# A4 R32 swap



## turbo_fb (May 18, 2006)

*A4 R32T swap*

Hey guys.
I have had a few people asking me about my swap so I am posting some pictures for those who want to do this.
It was a rather easy swap with alot of parts that did not fit, had to be made or broke down after first test drive









Found a cheap R32 engine from ebay in UK..... it had been stored outside for a while so it was not in a good shape.








Engine block had a few rusty cylinders so I had to bore it 0.5mm overdim.









Engine mounted to gearbox with Touareg adapter in between.
custom engine mounts.









Cylinderhead on and turbo on. modified Holset HX40
















Custom intake:
















Modified oilfilter housing with thermostat oilcooler adapter.

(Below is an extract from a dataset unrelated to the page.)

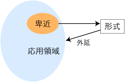 そして,ひとたび形式が定立されると,形式の外延が,これの出処となった卑近を超える広大な領域として考えられてくる:

Coated manifold+housing. Also dropped in a 44mm wastegate.








Hood clearance







Had to modify hood and top of engine for it to fit.
Also modified the subframe so I could lower the engine max.

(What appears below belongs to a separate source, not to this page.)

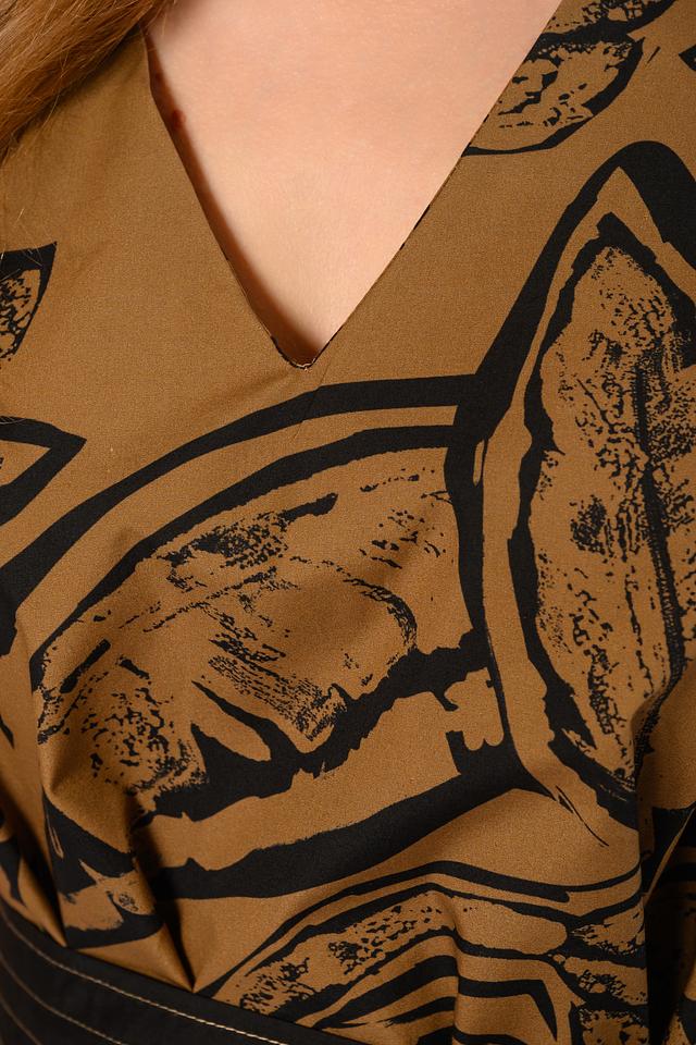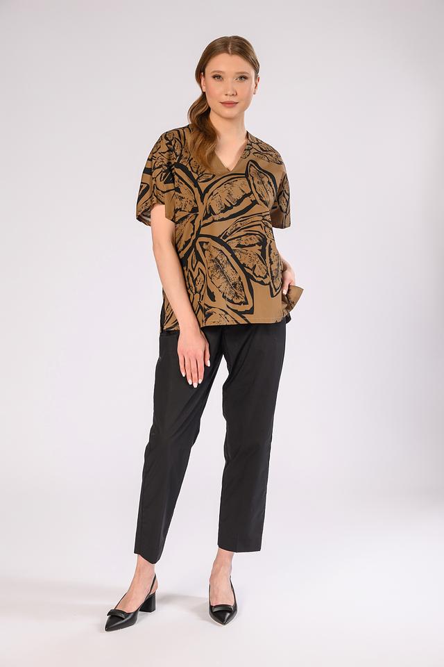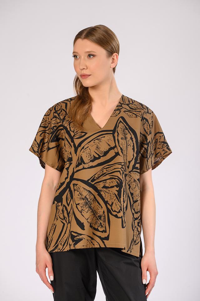 Блуза Icona коричневого цвета с оригинальным принтом в виде листьев станет стильным дополнением к вашему гардеробу. Модель выполнена из 100% хлопка, что обеспечивает комфорт в носке. Состав: хлопок 100%

_Modified by turbo_fb at 11:38 AM 3-21-2010_


----------



## DannyLo (Aug 2, 2006)

*Re: A4 R32T swap (turbo_fb)*

soo cool, congrats on the build, it looks good!
I can't wait to do the same sometime in the future


----------



## barrygti (Mar 28, 2007)

*Re: A4 R32T swap (turbo_fb)*

Nice work mate!!!
Did you get the adapter from 034? Are you using the 034 Flywheel and Starter also? And lastly, did you modify the subframe any?
Thanks,
Barry


----------



## Issam Abed (Feb 12, 2004)

*Re: A4 R32T swap (barrygti)*


_Quote, originally posted by *barrygti* »_
1. Did you get the adapter from 034?
2. Are you using the 034 Flywheel
3. Starter also? And lastly
4. did you modify the subframe any?


1. Yes
2. Not sure
3. Yes
4. Yes


----------



## barrygti (Mar 28, 2007)

*Re: A4 R32T swap (Issam Abed)*


_Quote, originally posted by *Issam Abed* »_
1. Yes
2. Not sure
3. Yes
4. Yes

Thanks Isaam, I actually just emailed you through the 034 Website regarding some questions.


----------



## CDJetta (May 11, 2004)

*Re: A4 R32T swap (barrygti)*

I've got my adapter, flywheel, and starter from 034 and I'm just waiting for a chassis to start my swap!


----------



## turbo_fb (May 18, 2006)

*Re: A4 R32T swap (barrygti)*


_Quote, originally posted by *barrygti* »_Nice work mate!!!
Did you get the adapter from 034? Are you using the 034 Flywheel and Starter also? And lastly, did you modify the subframe any?
Thanks,
Barry

1: Yes adapter from 034 but it's a OEM VAG part.
2: Yes it's the 034 flywheel but it had to be machined to fit the crank !!!
3: 034 Starter did not fit the engine withouh modifying oilpan.
4: Subframe is raped







Will see if I can get out more pictures.
Also using plug'n play 034efi but it had a few faulty connections so had alot of trouble getting the engine to run propper.
Using SPEC 3+ clutch together with the 034 flywheel.
The 034 parts are made for the 12v VR6 but they have some parts coming for the 24v I suppose.
I started this build almost 2 years ago











_Modified by turbo_fb at 3:52 AM 3-22-2010_


----------



## Norwegian-VR6 (Feb 6, 2002)

*Re: A4 R32T swap (turbo_fb)*


_Quote, originally posted by *turbo_fb* »_
I started this build almost 2 years ago









_Modified by turbo_fb at 3:52 AM 3-22-2010_

And we love it!! http://****************.com/smile/emthup.gif http://****************.com/smile/emthup.gif


----------



## Issam Abed (Feb 12, 2004)

*Re: A4 R32T swap (turbo_fb)*

If you need any help send me over an email.


----------



## sk8element (Sep 25, 2005)

uhhhhh sup with this?

I had a crazy idea last night to do this swap... did you finish? Pics? I haven't searched or stalked you so I have no idea if you have other completed threads about this. Hopefully you have an update with some sick ass pics and numbers!!!!!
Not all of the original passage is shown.